Monday, June 9, 2014

Ontario's Fiscal Problems

Way back in March 2012, I posted a detailed look at Ontario’s fiscal history back to the mid-1980s.  With the provincial election pending, I thought that it was time for an update that will provide Ontario voters and others who may be interested with a look at the fiscal problems facing Ontario’s new government.  It will also help us to better understand how a succession of governments in Ontario have spent their way into a debt corner.

As a reminder, particularly for those of you who have either forgotten or never knew, here is an outline showing the terms, Premiers and political persuasions of those who have ruled Ontario as their fiefdom since the mid-1980s:

1985 - 1987  David Peterson - Liberal (minority)
1987 - 1990  David Peterson - Liberal
1990 - 1995  Bob Rae - NDP
1995 - 1999  Mike Harris - Progressive Conservative
1999 - 2002  Mike Harris - Progressive Conservative
2002 - 2003  Ernie Eves – Progressive Conservative
2003 - 2007  Dalton McGuinty - Liberal
2007 - 2011  Dalton McGuinty - Liberal
2011 - 2013  Dalton McGuinty - Liberal (minority)
2013 to present  Kathleen Wynne – Liberal (minority)

Now, let's look at some fiscal history for the province, sourced from the TD Bankstarting with a graph showing the surplus and deficit picture for each year since 1986 - 1987:


You'll notice that out of the 27 fiscal years represented (excluding years where the budgets are still projections), that the budget has been in surplus for only eight years or 29.6 percent of the time.  If we include the projected years from 2013 – 2014 to 2017 – 2018, budgets have been balanced or in surplus for only nine years out of 32 fiscal years or 28.1 percent of the time.

Now let's look at the growth in net debt:



Since the turn of the century, the debt has grown from $132.5 billion in fiscal 2000 - 2001 to $252.1 billion in 2012 - 2013, a 90.3 percent increase.  That’s a compounded annual growth rate of 5.07 percent, well above the rate of inflation over that time frame.
  
Let’s now look at the change in the debt-to-GDP ratio:



Ignoring the data before 2000, it's really only been since fiscal 2008 - 2009 that the debt-to-GDP level has risen markedly.  Since 2008 - 2009, the debt-to-GDP ratio has risen from 28.9 percent to 37.4 percent in 2012 - 2013, a rise of 8.5 percentage points or 29.4 percent.  While this debt-to-GDP level seems low when we compare it to what we have seen in the many Eurozone nations, the United States and Japan who have debt-to-GDP ratios in excess of 100 percent, we have to remember one thing; provincial and state governments have much lower tolerances for debt accrual than federal governments, largely because their tax base is limited.  Bond ratings agencies and bond markets have already expressed concerns about Ontario's debt level with Moody's already threatening a debt downgrade back in December 2011. 

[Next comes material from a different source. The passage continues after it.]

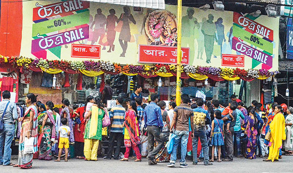 লাইনবাজার, নিউ মার্কেট, সুদর্শনপুর, মোহনবাটী, বিদ্রোহী মোড় এলাকার বিভিন্ন পোশাকের দোকানের সামনে অস্থায়ী শিবির। কেউ ২০ শতাংশ দিলে পাশের জন্য ৩০ শতাংশ ছাড় দিচ্ছেন। কেউ আবার এক লপ্তে ৬০ শতাংশ ছাড় দেওয়া হচ্ছে বলে হাঁক দিচ্ছেন। রেল কলোনি, সুভাষগঞ্জ ও মোহনবাটী এলাকাতেও রাস্তার ধারে বসে বিক্রি চলছে। শপিং মলই বা পিছিয়ে থাকে কেন! রায়গঞ্জের দেহশ্রী মোড়, নিশীথ সরণি ও শিলিগুড়িমোড় এলাকায় একাধিক শপিং মলেও পোশাকের দামে ১০ থেকে ২৫ শতাংশ ছাড়ে সেল দেওয়া হচ্ছে। নিউ মার্কেট এলাকার পোশাক ব্যবসায়ী রঞ্জন ঘোষের দাবি, এ বছর চাষিরা আলুর দাম না পাওয়ায় গোড়ায় সেলের বাজারে ভিড় ছিল না। এক সপ্তাহ আগে থেকে সেল জমে।

Lastly, let’s look at one interesting metric, the debt charges as a percentage of total provincial revenue since 2009 – 2010:


In 2010, “only” 9 cents of every tax and fee dollar remitted by Ontarians went to debt servicing.  This is expected to rise to 10.5 cents by 2017 – 2018, a rather significant increase.  This means that rather than funding education, health care and infrastructure, more than ten cents of every dollar that passes through government’s hands will be used to service the province’s burgeoning debt.  This situation could become even worse if interest rates on the outstanding debt rise.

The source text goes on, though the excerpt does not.